# New here...Pics



## Chattycat (Nov 25, 2006)

Hello! New to the forum, so I thought I would introduce myself! My name is Mary, I live in North Carolina, and I have been owned by my American Shorthair since August! I can't imagine how I ever got through a day without him! His name is Ignatius (of Antioch), but I just call him "Monkey!" 

Here's some picsof when I first got him. I will post more recent ones on the "Meet My Kitty" page...

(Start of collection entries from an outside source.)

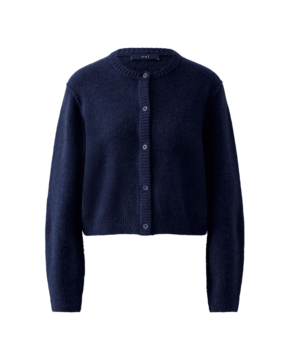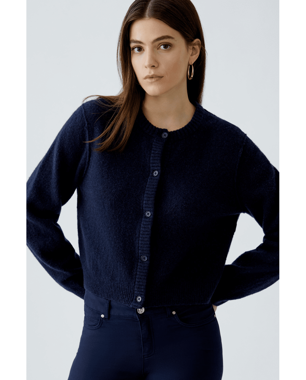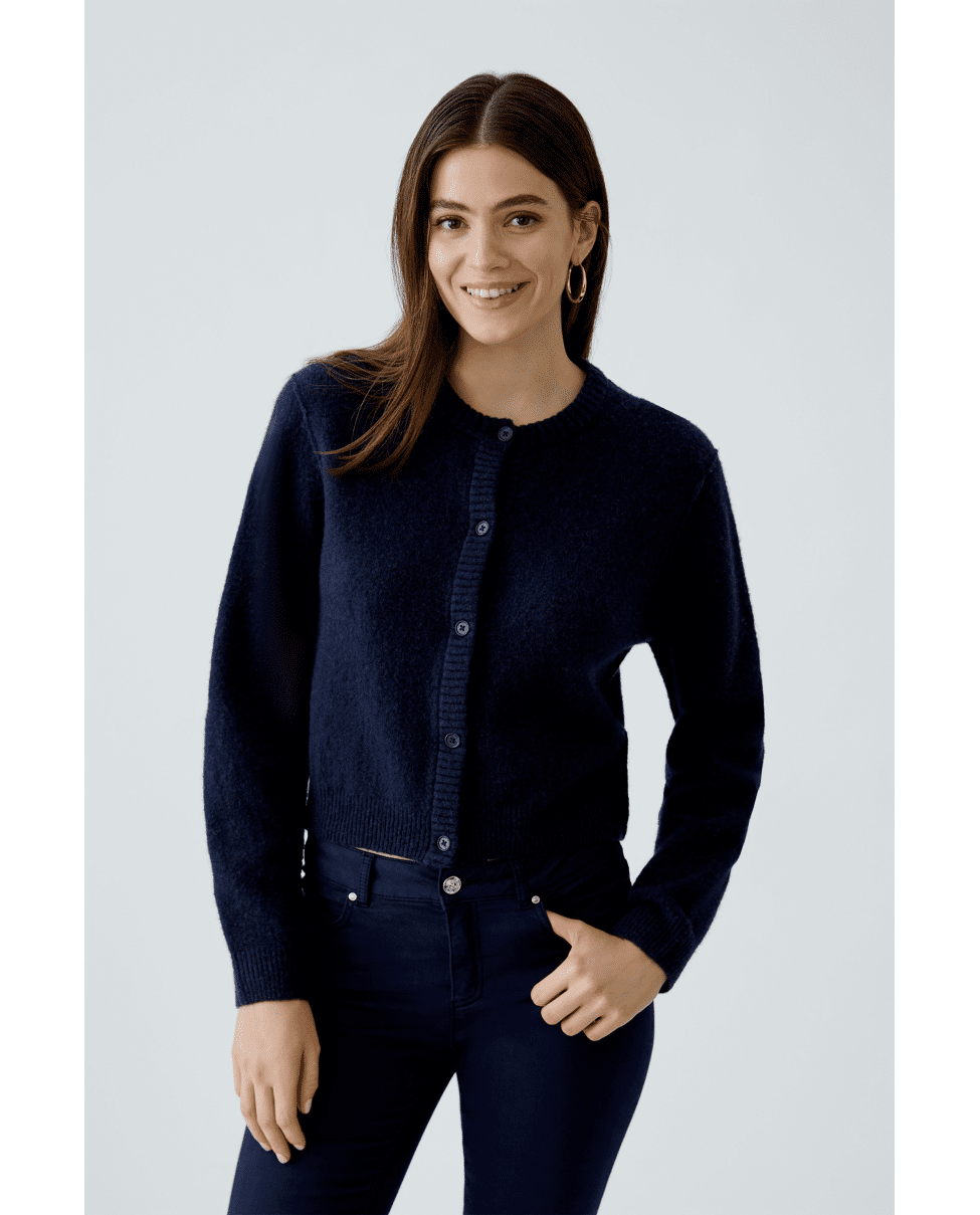 ILAYA - Kort gebreid damesvest van Oui met ronde hals, knoopsluiting en lange mouwen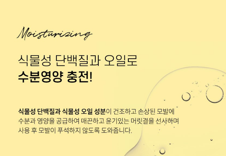 식물성 단백질과 식물성 오일 성분이 건조하고 손상된 모발에 수분과 영양을 공급하여 매끈하고 윤기있는 머릿결을 선사하며 사용 후 모발이 푸석하지 않도록 도와줘요.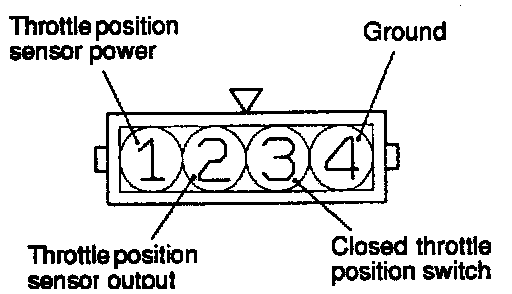 3. Check for continuity between terminals No. 3 (closed throttle position switch) and No. 4 (ground).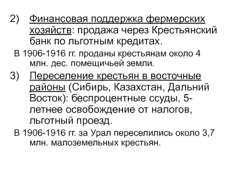 Переселение крестьян в восточные районы (Сибирь, Казахстан, Дальний Восток): беспроцентные ссуды, 5-летнее освобождение от налогов, льготный проезд.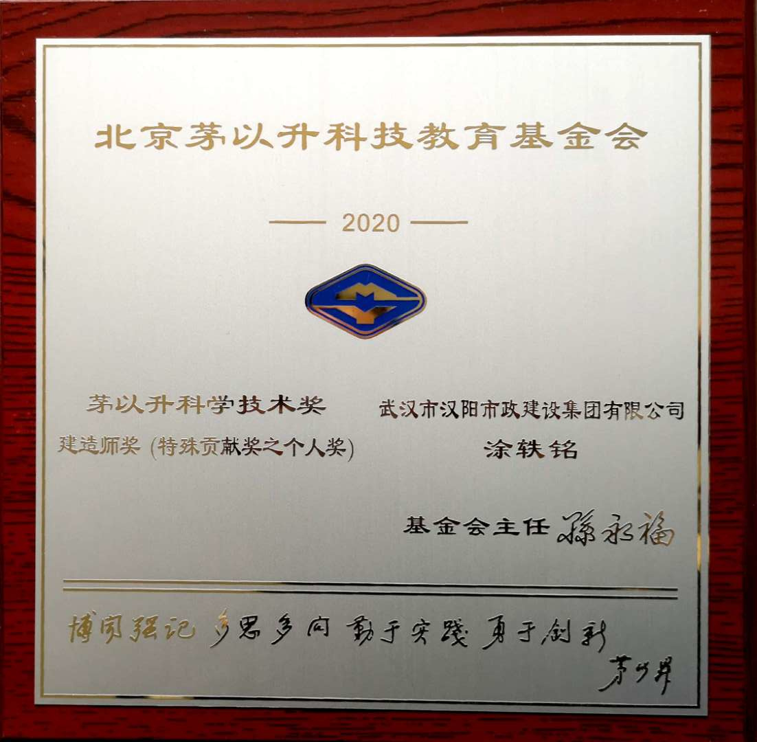 10月24日,由中国工程院、中国铁道学会、中国土木工程学会、北京茅以升科技教育基金会联合主办的“北京茅以升科技教育基金会第29届颁奖大会暨第十届桥梁与隧道工程技术论坛”在北京举行。大会对抗击疫情中为武汉“两山”医院建设做出突出贡献的企业和个人予以表彰,汉阳市政六公司总经理涂轶铭荣获“茅以升科学技术奖——建造师奖(特殊贡献奖之个人奖)”。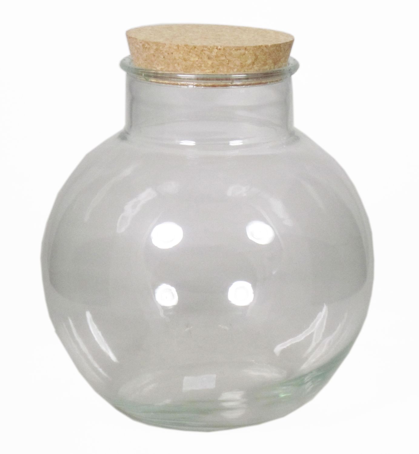 Il barattolo per caramelle WINDA ha una forma sferica e un coperchio di sughero per una migliore conservazione degli alimenti.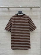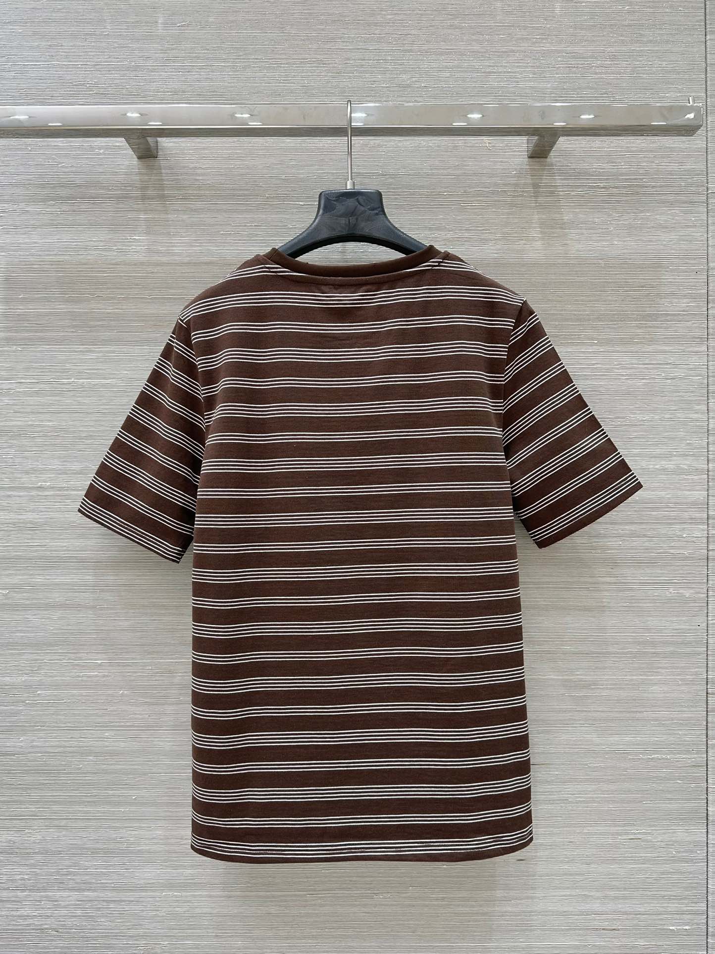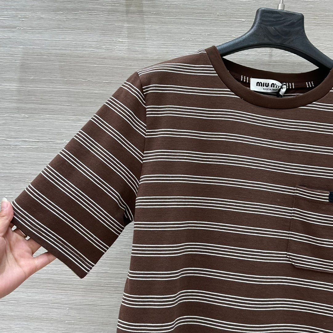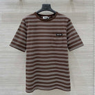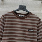 Miu Miu 25 Striped Round Neck Short-sleeved T-shirt Brown Cotton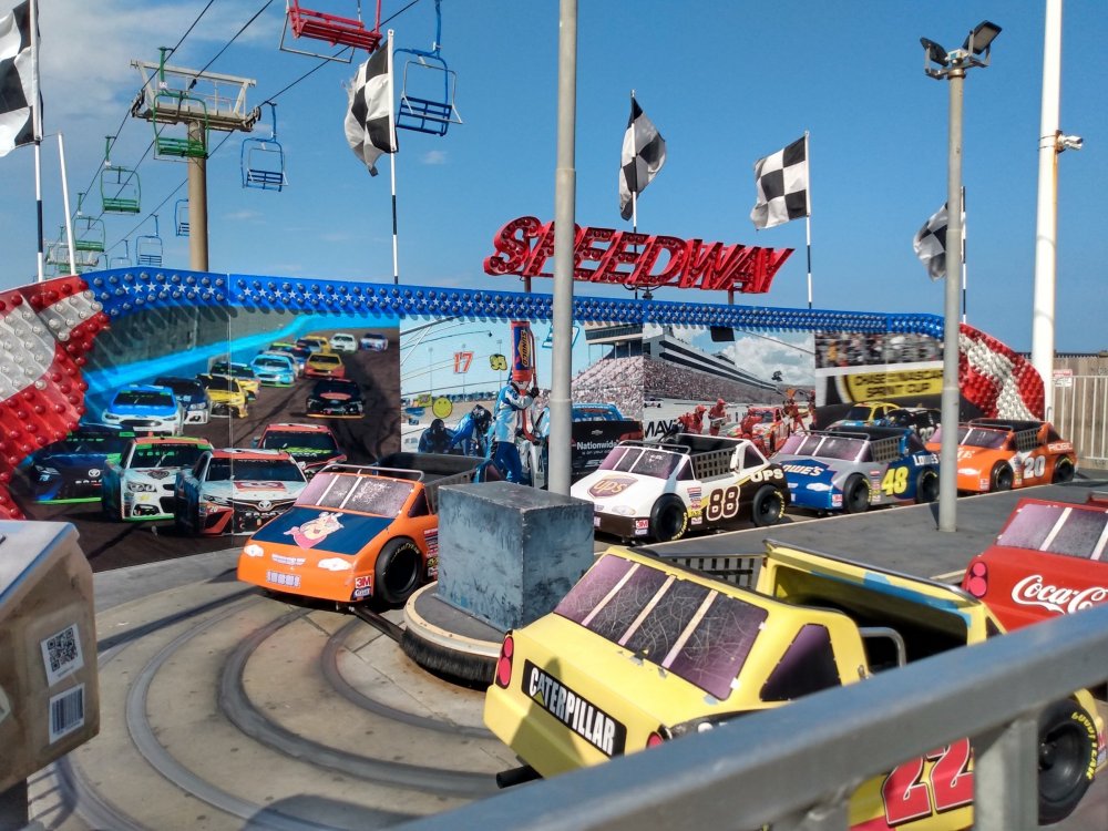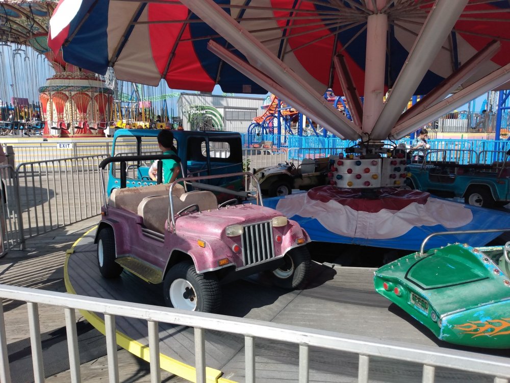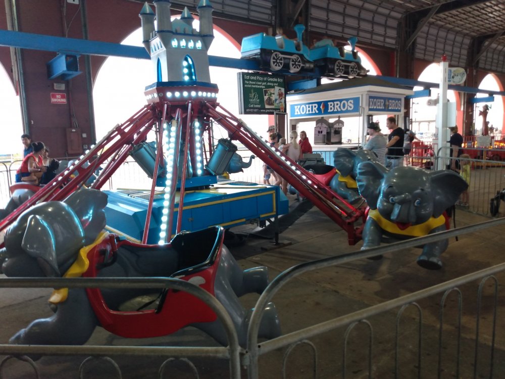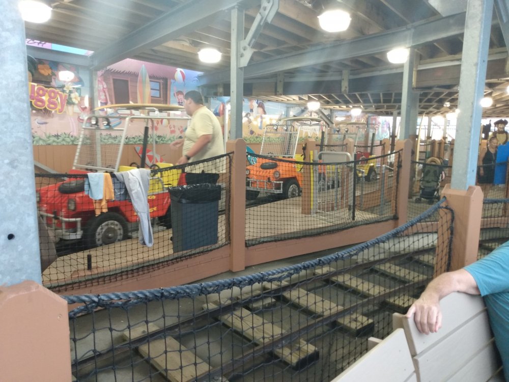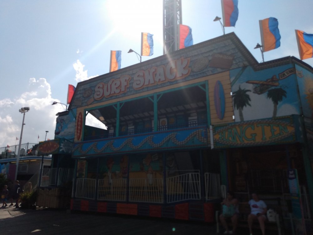 It's T-shirt time! Cabs ah here! Come at me bro! Casino Pier, Seaside Heights Ah, Seaside. The place where I spent most Fridays back in high school, with the same group of friends, only two of which I still actually periodically talk to. A place where I've dropped hundreds of dollars in to Dance Dance Revolution and the retro-arcade in the now-destroyed Fun Town Pier. A place where I rode my first ever looping roller coaster, Fun Town's aptly-named "Looping Coaster" (a Pinfari looper). A place where I worked the two summers between my junior and senior year and the one after I graduated college. Doing what, you might ask? That's right....games carny, just like my father did in his youth. Some things come full circle. I've gotta talk about that though. I'm not going to mention which company's games I worked for specifically, to protect the owner who is an awesome guy, but let me tell you about this job. Here was a typical day for me: Get into town around 9:00 AM and lay out on the beach for an hour, before they started charging (yes, Seaside is one of NJ's many pay-to-go-on-the-beach towns), then start my shift at 10. Every three hours, get a 15 minute break, in which I'd stroll down the boardwalk to the Beachcomber Bar & Grille (famously where Snooki was punched*), pound a shot or two, and come back to work. Did the bosses mind? Nope, not at all! Alcohol made me more animated in my spiels, which got more customers to play, which made the bosses more money. At the end of the day (typically midnight on a weekday, 1 or 2 AM on a Friday or Saturday), I'd go to the bars or a house party with people I hit on during the workday, or play poker with the guys, or shoot down to Atlantic City for an all-night blackjack session, just to come back and do it again the next day. This happened 6 days a week. Honestly, it was the greatest job I ever had - very laid back, could smoke whenever I wanted, met tons and tons of people...if I could do that for what I get paid now, with benefits, I would in a heartbeat. *Fun Fact: I was there the night it happened, but not actually in the bar when it happened. When their "advance team" rolled into the bar to tell the owners they were coming, I promptly ske-daddled my way right on out. I wanted nothing to do with them. Anyway, you guys don't care about that. On to the park! Casino Pier is the only remaining amusement pier in town. The other park, Fun Town Pier in neighboring Seaside Park, got absolutely wrecked by Hurricane Sandy in 2012, and then completely destroyed by a massive fire in 2013. Though investigators deemed the cause to be an electrical short under an ice cream stand, I'm thoroughly convinced that the owners didn't have Hurricane coverage and burned it down on purpose for the insurance money. You can't convince me otherwise. Anyway, yeah, Casino Pier. A nice collection of both thrill rides and kiddie stuff here, along with an awesome roof-top mini-golf that I sadly didn't have time to get pictures of here. Needless to say, it hasn't changed much since I played it weekly back in high school (the player with the worst score amongst my friends always had to buy everyone's Kohr Brother's frozen custard), and it's a nice classic course with all of the standard mini-golf gags (loops, windmills, etc). This park has four coasters: -Hydrus, which we all know about -Pirate's Hideaway, famous for appearing like a well-themed dark ride but actually just being a coaster-in-a-box -Hot Tamales, a kiddie coaster -Xolo Loca, a variant on the SBF Visa spinner with the flipping seats. Unfortunately, Hyrdus and Xolo Loca were both closed during this trip. I had ridden Hydrus on a previous trip, so no big loss there, but I was eager to try out the flipping seats on Xolo Loca. But I'll get to the two coasters I did ride at the end of this post. First, the ride collection: So this is what the Zamperla buggy-go-round is supposed to look like, huh? Wave Swinger Motorcycles-go-round (I promise there won't be so many this time!) Disk-o Various-vehicles-go-round Claw ride, Super Storm. I think it's a KMG model. Either way, sideways spinning and swinging does not agree with my stomach. Standard Moby Dick. Skycoaster. Hard to tell here, but the cable running from the other tower was not attached, and the ride was obviously not operating. Also, note the knockoff Mighty Mouse. Musik Express. Tilt-a-Whirl with the new style cars Pretty sizeable Ferris Wheel, one of their newer additions. Centrifuge, an indoor Scrambler. Think like Cosmotron at Knoebel's - light and sound show to blasting music. Yes, in retrospect I realize I should have grabbed a shot of the actual ride. Kiddie carousel Standard burlap sack slide Standard climby structure Boats-go-round Another Dizzy Dragons. Zamperla must be making a fortune on these things and the buggy-bouncers. Horse-and-carriage-go-round Dumbo-go-round Kiddie whip themed to NASCAR Bumper cars Standard wacky-house Another Crazy Cabs. A well-themed example of the most pathetic log flume ever An actually-sizeable S&S drop tower, set on the double-shot program. And wrapping out the non-coasters, a Sky Screamer. Here's a shot of Hydus, not running, just because. And a few of Xolo Loca and Hot Tamales; the former is the orange track in these pictures. I think it's kinda cool that one coaster wraps completely around the other. And finally, Pirate's Hideaway. So I'll talk about that one first. The outside looks really cool, right? Awesome airbrush paint job, you'd think you're in for a treat of a pirate-themed dark ride, right? Nope. You get nothing inside. Just a big open box, complete with various tools at the ground level. Check out TPR's POV to see what I'm talking about. What did I think of the actual ride, though? Not terrible....until the second to final brakes, which slam you to a complete stop and drive your gut directly into the lap bar. Pass if you don't need the humorous credit. And Hot Tamales...it's a kiddie coaster, there's not much to

He is on my cookbook shelf in my kitchen in this one! LOL...









Enjoy the pics!!!


----------



## marie73 (Jul 12, 2006)

Welcome to the Forum!

Your little Monkey could *not* be any cuter! Can't wait to see more pictures!

:2kitties


----------



## EChryst (Aug 8, 2005)

Welcome! I love the colors of your cat.

Also welcome from another North Carolinian. Or however you'd call it.


----------



## nerilka (May 17, 2005)

Recipes for Living Well should always include sleepy kittens' and lots of cuddles :wink: Cute baby!


----------



## kitkat (Sep 22, 2003)

Welcome to the forum Mary, your Monkey is too cute. I love American Shorthairs, I hope to see more pictures later


----------



## DesnBaby (Apr 18, 2004)

Welcome to the forum, what a sweet kitten!


----------



## Chattycat (Nov 25, 2006)

Thanks to all! I have already been able to glean a lot of great info off of this site! So nice to have a knowlegable group of people around to gather advice from!


----------



## clintsworld (Apr 12, 2005)

Yeah, they ARE cute when they're small BUT THEN they grow up and and you get pictures like this: :lol: 










Ciao!


----------



## Jewel'd Diamond (Dec 1, 2006)

Monkey is sooo cute!! His colors are BEAUTIFUL!!!


----------



## tabby (Nov 30, 2006)

He is soooo cute.


----------



## OrangeJulius (Aug 23, 2006)

*Cute*

Very cute. Its funny how they find their sleeping spots.


----------



## Julieboo390 (Dec 1, 2006)

Hello Mary, what a cute name for your cat.


----------